Wait until you pull out into traffic doing 80mph or a semi truck, the skip shift will activate and you will be a sitting duck. Best thing to do is get the override, then you can decide when and what gear to skip.


----------



## DAH GTO (Mar 5, 2005)

aintmisbehavinn said:


> Wait until you pull out into traffic doing 80mph or a semi truck, the skip shift will activate and you will be a sitting duck. Best thing to do is get the override, then you can decide when and what gear to skip.


The skip shift only works when your in 1st and under the right conditions (engine up to normal operating temp, less than 15% throttle, around 2500 rpm's, etc.), it "forces" you to 4th. How the heck can you do 80mph in 1st.... I don't think so :willy:


----------



## Ninjured (Apr 28, 2006)

I think his point was it comes on when you least expect it and when you least want it too. 

I do agree that aintmisbehavinn may have embellished a little too much, lol


----------



## CPO's GTO (Jul 1, 2006)

Ninjured said:


> I think his point was it comes on when you least expect it and when you least want it too.
> 
> I do agree that aintmisbehavinn may have embellished a little too much, lol


:agree and he meant pulling into traffic doing 80 mph. I don't think the
shift skip would even be an issue in that situation because your rpm 
would be way up over 2500 in order to reach highway speeds on a ramp.
But, I have to agree that, it does seem to activate when I least expect it
and never when I do expect it.


----------



## Kanding (May 29, 2006)

Ninjured said:


> I found it difficult to "make" the shift light come on...
> First of all your car needs to be warmed up all the way, check your owners manual as it has a description of the conditions that trigger it
> 
> The most likely time it would come on for me is when I was turning left from a stop, in slow moving traffic, and wanted to shift to second. It happened very seldom but I put in a skip shift anyway...

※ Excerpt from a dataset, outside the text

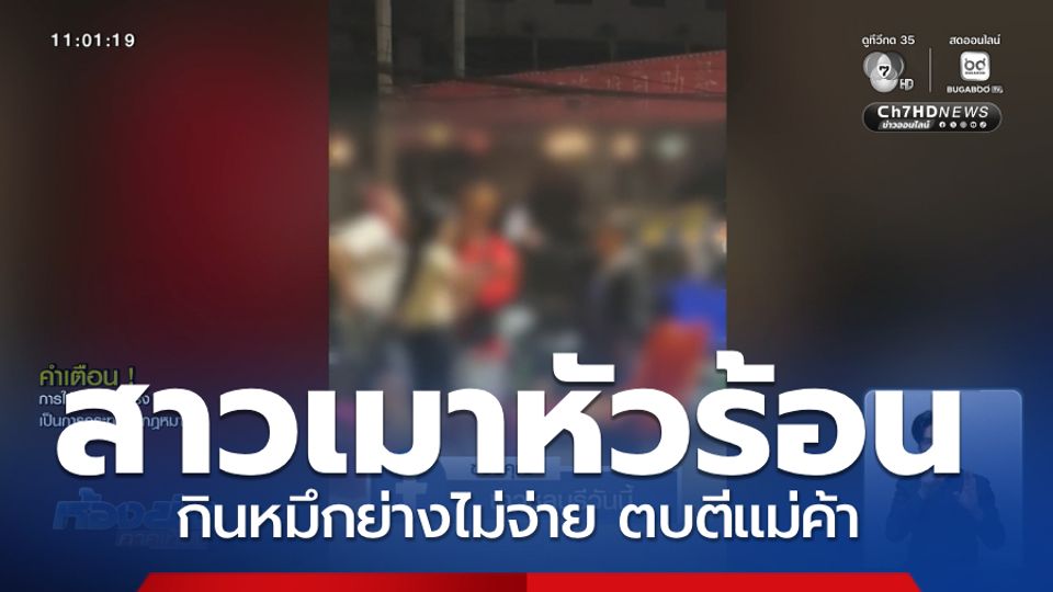 ห้องข่าวภาคเที่ยง - ในโซเชียลฯ กำลังแชร์คลิปนี่ ตามหาตัวลูกค้าสาว เมาแล้วหัวร้อน ออกลูกนักเลงตบตีแม่ค้าขายหมึกย่าง สั่งซื้อหมึกย่างกิน 100 บาท แต่ไม่โอนเงินจ่าย พอทวงถาม พุ่งตบหน้าแม่ค้าเลย

Mine came on a few times in exactly this situation. I also tried to get it to come on many times, and only succeeded once.

The window of opportunity for this to happen seems small. To the original poster, my guess is yours isn't broken or deactivated. I wouldn't worry about it.


----------



## GM Kid (Mar 21, 2005)

*Speaking of problems that aren't problems . . .*

. . . I don't think my traction control works. I've peeled out and done some lurid tail-sliding around corners with nary a peep from the electronic nanny. I did notice the "low traction" symbol on the DIC the other day, though . . . just couldn't tell from seat-of-the-pants sensations if anything was actually happening.

How out of shape do you have to be before the traction control kicks in?


----------



## Ninjured (Apr 28, 2006)

You can spin both tires with t/c on and get no indicator, it's when one tire is trying to spin faster than the other that t/c kicks in with wheel braking and the engine cuts power until traction is restored.

I've found I get a LOT more wheel hop with t/c on than with it off and t/c usuallly kicks in before I can make it through first. With it off, I've spun the tires all the way thru 1st and 2nd (with about a 3 foot gap in my strip of rubber due to the shift)

be warned tho, if the engine and t/c fight, the clutch loses...happened when I had two (big) passengers in the car with me, the t/c kicked on but for some reason the engine didn't cut power = one smoked clutch


----------



## aintmisbehavinn (Feb 9, 2006)

DAH GTO said:


> The skip shift only works when your in 1st and under the right conditions (engine up to normal operating temp, less than 15% throttle, around 2500 rpm's, etc.), it "forces" you to 4th. How the heck can you do 80mph in 1st.... I don't think so :willy:


Opps, I meant if a semi was doing 80, it used to skip at the wrong time anyway.


----------



## TexasAggie (Mar 2, 2005)

Not sure why, but as the miles have increased, it's working now...not as bad as I envisioned though.


----------